I’d heard of the Hollywood 10. I didn’t really know what that was. I knew it was tied to the blacklist. I didn’t realize that they were all writers, primarily. I knew Dalton Trumbo’s name, but I didn’t realize he had written and had not gotten credit for his writing for two of his films. I didn’t realize he wrote Roman Holiday. I did know he wrote The Brave One, but I didn’t know the story behind it. It takes a while to rectify history because you have to have people who are passionate enough to do it.
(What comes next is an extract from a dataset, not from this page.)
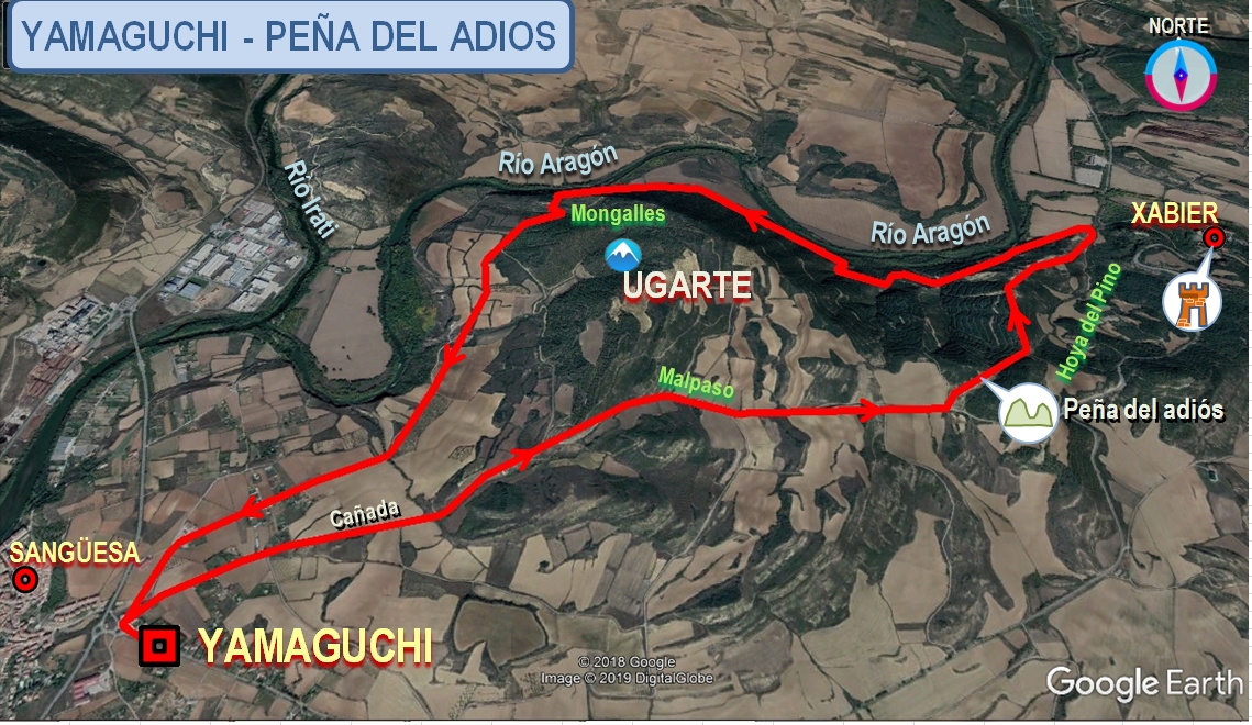 Sale por delante de hotel, gira a la derecha, toma la cañada de los Roncaleses, asciende hasta la peña del Adiós (donde San Francisco se despidió de sus tierras y castillo),

When you see the healing of the wounds that come from rectifying history, and telling the story of the victims and not just the way history is portrayed by time marching forward and the version of America that the media wants to present to itself on a conveyer belt, it just feeds itself. It’s a self-feeding machine. We need to bump up against it occasionally and get it off course to remind ourselves that we have to look at what we’ve done so we don’t repeat it.
Q: What was your first impression when you got the script?
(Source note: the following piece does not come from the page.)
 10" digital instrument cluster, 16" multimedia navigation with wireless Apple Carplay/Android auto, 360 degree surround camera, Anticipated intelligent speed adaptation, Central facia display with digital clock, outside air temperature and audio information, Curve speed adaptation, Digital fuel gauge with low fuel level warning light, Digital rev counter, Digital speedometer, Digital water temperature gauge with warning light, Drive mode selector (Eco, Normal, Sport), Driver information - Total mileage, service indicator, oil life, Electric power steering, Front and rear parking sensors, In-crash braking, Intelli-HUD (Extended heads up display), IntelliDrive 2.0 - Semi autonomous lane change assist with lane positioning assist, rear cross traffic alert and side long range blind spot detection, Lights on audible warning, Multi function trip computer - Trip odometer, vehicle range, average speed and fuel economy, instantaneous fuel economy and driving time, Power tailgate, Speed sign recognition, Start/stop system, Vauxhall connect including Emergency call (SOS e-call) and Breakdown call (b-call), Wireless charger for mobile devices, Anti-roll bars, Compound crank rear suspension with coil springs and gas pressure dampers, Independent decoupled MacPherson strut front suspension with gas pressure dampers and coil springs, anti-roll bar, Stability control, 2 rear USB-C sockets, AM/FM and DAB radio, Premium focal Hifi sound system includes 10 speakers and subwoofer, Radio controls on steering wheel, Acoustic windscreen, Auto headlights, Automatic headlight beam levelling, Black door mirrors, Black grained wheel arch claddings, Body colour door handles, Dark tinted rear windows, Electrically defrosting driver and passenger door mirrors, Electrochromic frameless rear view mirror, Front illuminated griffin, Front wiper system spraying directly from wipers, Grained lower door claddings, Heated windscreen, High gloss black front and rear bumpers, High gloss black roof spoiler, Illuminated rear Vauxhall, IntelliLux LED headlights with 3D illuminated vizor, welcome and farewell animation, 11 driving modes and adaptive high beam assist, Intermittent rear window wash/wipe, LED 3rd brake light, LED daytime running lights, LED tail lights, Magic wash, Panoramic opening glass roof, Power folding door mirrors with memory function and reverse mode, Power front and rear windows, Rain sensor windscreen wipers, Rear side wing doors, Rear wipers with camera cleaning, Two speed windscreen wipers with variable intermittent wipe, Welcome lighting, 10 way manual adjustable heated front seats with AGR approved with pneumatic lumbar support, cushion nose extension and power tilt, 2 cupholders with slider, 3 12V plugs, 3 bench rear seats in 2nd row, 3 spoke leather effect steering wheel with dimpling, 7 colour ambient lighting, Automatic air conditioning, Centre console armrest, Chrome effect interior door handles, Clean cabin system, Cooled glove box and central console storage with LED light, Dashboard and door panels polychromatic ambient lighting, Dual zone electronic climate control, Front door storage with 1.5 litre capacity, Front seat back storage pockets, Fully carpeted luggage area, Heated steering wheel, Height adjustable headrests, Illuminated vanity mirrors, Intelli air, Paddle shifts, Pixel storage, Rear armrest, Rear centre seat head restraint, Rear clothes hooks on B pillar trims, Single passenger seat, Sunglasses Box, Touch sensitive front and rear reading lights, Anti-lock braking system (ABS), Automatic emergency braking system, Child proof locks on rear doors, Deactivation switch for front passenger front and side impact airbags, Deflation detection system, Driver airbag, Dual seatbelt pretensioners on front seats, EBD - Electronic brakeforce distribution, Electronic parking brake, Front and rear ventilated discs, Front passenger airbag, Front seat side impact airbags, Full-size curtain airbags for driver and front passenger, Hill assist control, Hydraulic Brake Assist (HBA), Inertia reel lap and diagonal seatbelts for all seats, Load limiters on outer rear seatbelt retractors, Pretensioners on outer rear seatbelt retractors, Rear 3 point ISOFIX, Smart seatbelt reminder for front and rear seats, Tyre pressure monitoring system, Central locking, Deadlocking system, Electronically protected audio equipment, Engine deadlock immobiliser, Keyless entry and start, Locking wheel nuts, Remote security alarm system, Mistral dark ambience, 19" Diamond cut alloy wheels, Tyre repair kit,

I’ve been a tremendous Jay Roach (director) fan. I’ve loved all of the movies of his. I was actually hoping that if I didn’t get the part, that maybe he’d see that I could be funny on purpose, and hire me in a comedy in the future. But I really wanted to work with Bryan Cranston too. I’d just seen him in the previews of his wonderful performance that won him the Tony in New York — the L.B.J. play, All the Way. The way it worked out was tremendous, because when we got to the set — skipping ahead — it seemed to me, Bryan, that he still had all of that locomotive. The wheels were (going). He was still oscillating, like this giant train. He hadn’t slowed down. He just kept barreling. Who needs tracks? We’re going to take it over here and do this with all of that wonderful mojo energy of the stage. So I was like, “Wow, we’re on 11 on this dial! OK!” But I came into the office to meet for the job. I’d already taken a juggling lesson to impress upon (Jay) the seriousness of my commitment. And also, realizing that God help me if I got the part, because I need every single moment possible to prepare for that particular scene, so that’s my story.
Q: What was it like dressing in the fashion of the time period?
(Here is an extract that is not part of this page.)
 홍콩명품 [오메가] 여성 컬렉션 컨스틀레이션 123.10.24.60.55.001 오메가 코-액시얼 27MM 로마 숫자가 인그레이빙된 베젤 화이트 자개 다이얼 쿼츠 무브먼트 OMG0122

It’s like being a transvestite to be a woman because you get to just dial up how much is required or how much you feel. And if you don’t want to play, you just put your hair back, don’t wear makeup, and schlump off to the grocery store and say, “I’m a dude today.” I just didn’t want to invest in being a woman because it takes work… It takes a village, honestly, to achieve the looks we have. Daniel Orlandi (costume designer) is amazingly gifted as a costumer. It was great fun to have his inspiration and excitement about it all. He’s worked on many films with you, right? [asking Jay Roach] So you guys are the right team, you trusted the right guy. So anyway, it’s really fun to play different eras. I love the looks of women as we go back in time, but I don’t love the politics that women had to endure as we go back in time. The foundations were very uncomfortable, but they looked great!
Trumbo opens in theaters on November 6th.